TASK REQUIREMENTS:
Data follows below. Repeat exactly the lines between the line holding "同期,分宜海螺水泥通知自9月" and the line holding "SW5219 MEN CHECKER PRINTED KURTA CREAM", inclusive, and nothing more; drop pictures.

RECORDS:
========

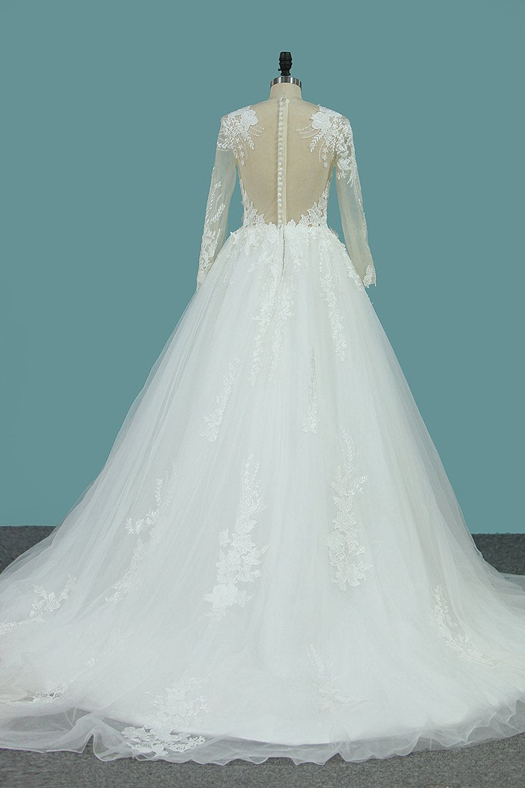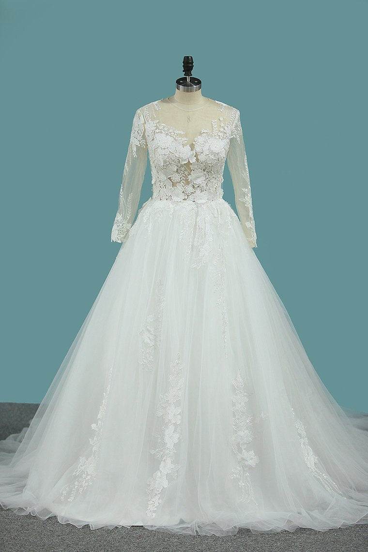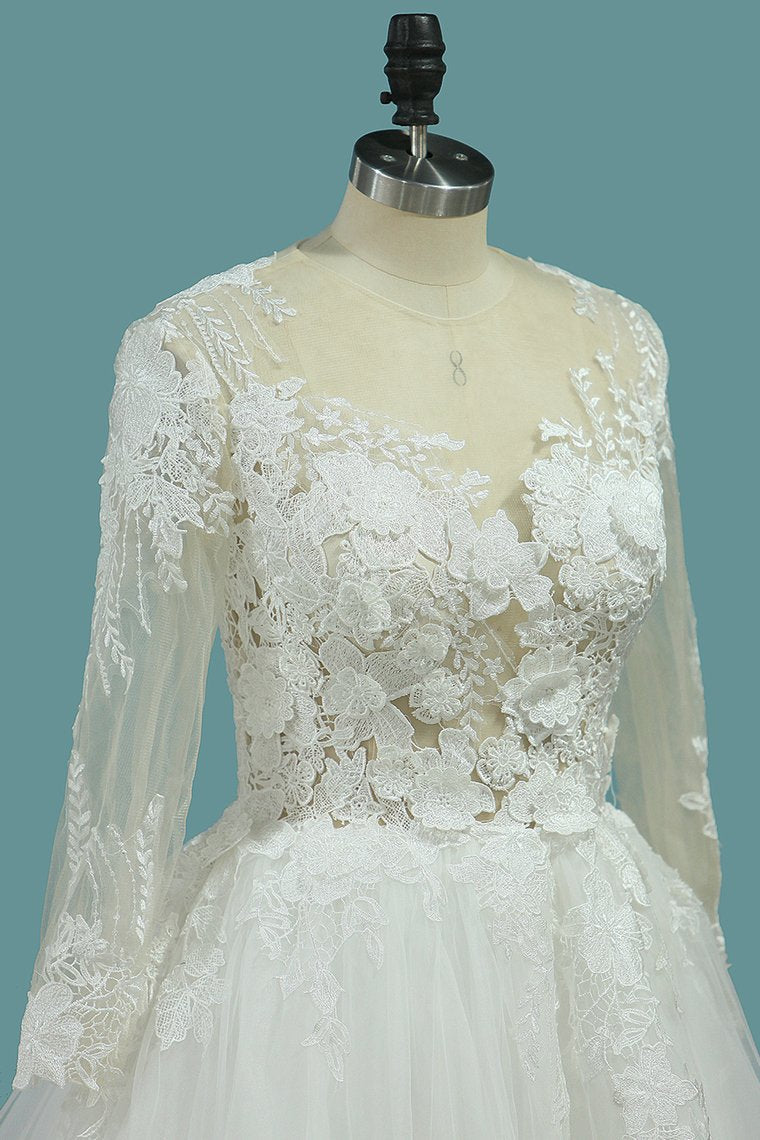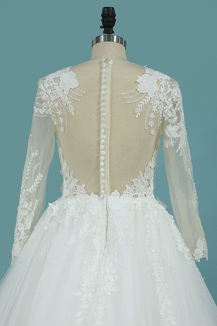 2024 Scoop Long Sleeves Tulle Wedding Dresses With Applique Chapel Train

========

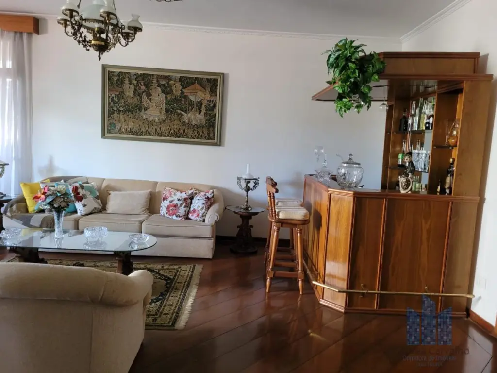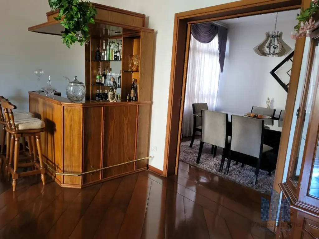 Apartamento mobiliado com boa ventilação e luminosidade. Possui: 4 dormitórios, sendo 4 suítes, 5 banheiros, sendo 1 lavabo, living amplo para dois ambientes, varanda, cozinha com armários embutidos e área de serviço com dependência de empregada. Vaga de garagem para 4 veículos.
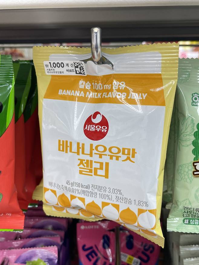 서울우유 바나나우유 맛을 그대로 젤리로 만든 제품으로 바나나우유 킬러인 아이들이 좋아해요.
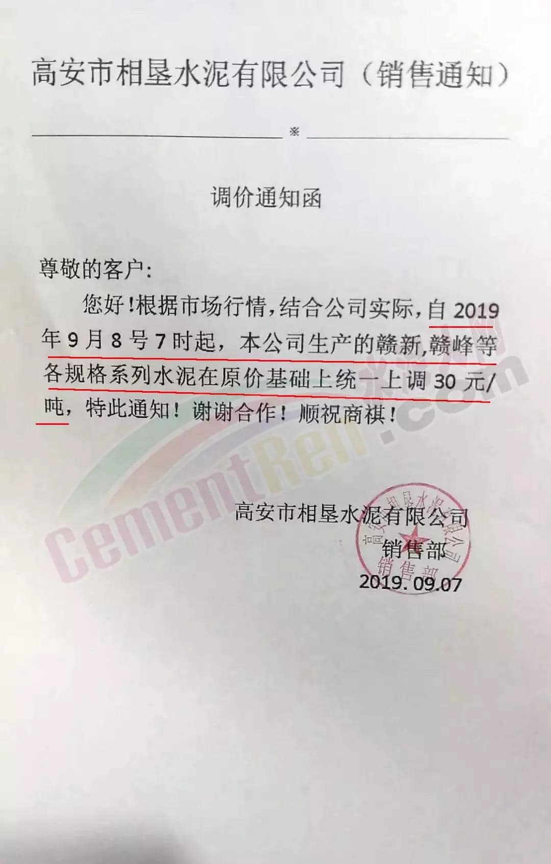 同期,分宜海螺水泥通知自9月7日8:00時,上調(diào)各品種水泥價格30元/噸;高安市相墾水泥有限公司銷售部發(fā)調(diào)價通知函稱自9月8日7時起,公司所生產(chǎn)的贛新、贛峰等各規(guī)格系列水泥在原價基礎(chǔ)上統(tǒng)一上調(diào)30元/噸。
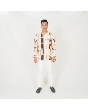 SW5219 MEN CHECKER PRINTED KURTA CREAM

========

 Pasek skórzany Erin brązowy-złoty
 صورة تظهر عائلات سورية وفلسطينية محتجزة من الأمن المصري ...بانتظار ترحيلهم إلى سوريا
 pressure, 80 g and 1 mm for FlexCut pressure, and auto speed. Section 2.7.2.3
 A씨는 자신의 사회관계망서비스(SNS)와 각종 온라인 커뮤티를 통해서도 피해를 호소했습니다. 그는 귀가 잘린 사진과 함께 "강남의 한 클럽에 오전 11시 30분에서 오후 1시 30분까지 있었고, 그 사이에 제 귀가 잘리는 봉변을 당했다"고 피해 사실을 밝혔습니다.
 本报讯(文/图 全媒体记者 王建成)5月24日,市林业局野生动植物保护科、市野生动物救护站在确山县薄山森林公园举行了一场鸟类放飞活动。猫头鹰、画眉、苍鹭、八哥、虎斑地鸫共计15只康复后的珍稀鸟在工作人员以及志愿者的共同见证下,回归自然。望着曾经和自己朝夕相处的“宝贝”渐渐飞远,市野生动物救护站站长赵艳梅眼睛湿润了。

========

RESULT OF THIS EXERCISE:
 同期,分宜海螺水泥通知自9月7日8:00時,上調(diào)各品種水泥價格30元/噸;高安市相墾水泥有限公司銷售部發(fā)調(diào)價通知函稱自9月8日7時起,公司所生產(chǎn)的贛新、贛峰等各規(guī)格系列水泥在原價基礎(chǔ)上統(tǒng)一上調(diào)30元/噸。
 SW5219 MEN CHECKER PRINTED KURTA CREAM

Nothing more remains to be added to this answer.